What are your SDRAM parameters?

So, if you’re like me, you research all of these questions painstakingly in Consumer Reports and “Buying Computers for Dummies” and settle on a model with all of the correct features. Then you walk into the store and the sales associate says, “Uhh, we don’t got that one,” and so you point to whatever box is nearby and say, “OK, gimme that one. Or whatever one you have.”

And you get it home and it’s just fine because you honestly didn’t have any idea what your SDRAM parameters were anyway.

And have you tried to buy a camera lately? It is no longer possible to simply walk into a camera store and say, “I’ll take a Brownie.” Now you have to make decisions about how many megapixels you want and how much optical zoom you want, as opposed to digital zoom. Also, be prepared to ponder issues of storage and battery recharging.

Then there’s radio. Even in a middle-sized market like Spokane, you can choose from a couple of dozen over-the-air formats, including both Adult Contemporary and something called Hot Adult Contemporary.

But take a look at satellite radio. That’s where the options have multiplied like newts in love. Sirius has channels labeled Early Classic Rock, Later Classic Rock, Deeper Classic Rock, Classic Hard Rock, Classic Alternative, The ‘50s, The ‘60s, The ‘70s, The ‘80s, Classic Soul, Old Skool Rap, Classic Country and Swingin’ Standards. And we haven’t even explored the ‘90s yet.

I find that kind of choice exhilarating – for a while. Before long, you get weary of asking yourself every day, “Do I feel like Later Classic Rock? Or Deeper Classic Rock?”

No, after a while, you just want to say, “I don’t care. Surprise me.”

Tellingly, Sirius also has a channel called “Super Shuffle” which does just that: surprise you. It plays songs randomly from many of its 100-plus formats.

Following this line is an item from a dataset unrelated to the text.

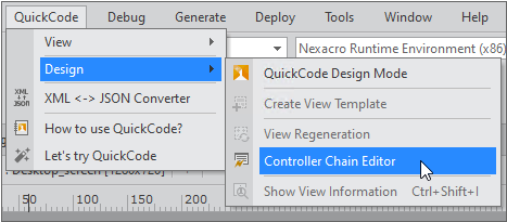 메뉴 [QuickCode > Design > Controller Chain Editor] 항목을 선택합니다.

Meanwhile a huge part of the iPod’s appeal is that you can set it on shuffle and it will pick songs randomly from the hundreds or thousands you have downloaded. In a world overloaded with choice, the iPod is saying these comforting words: “Don’t worry. I’ll pick the songs.”

All you have to do is say, “Hey! I love this song!” in a surprised and delighted voice, forgetting that you’re the one who downloaded it in the first place.

Too bad “shuffle” doesn’t work in the rest of life. I’ll bet there are plenty of seniors who would be more than happy to step onto that Medicare bus and say, “Go ahead. Surprise me.”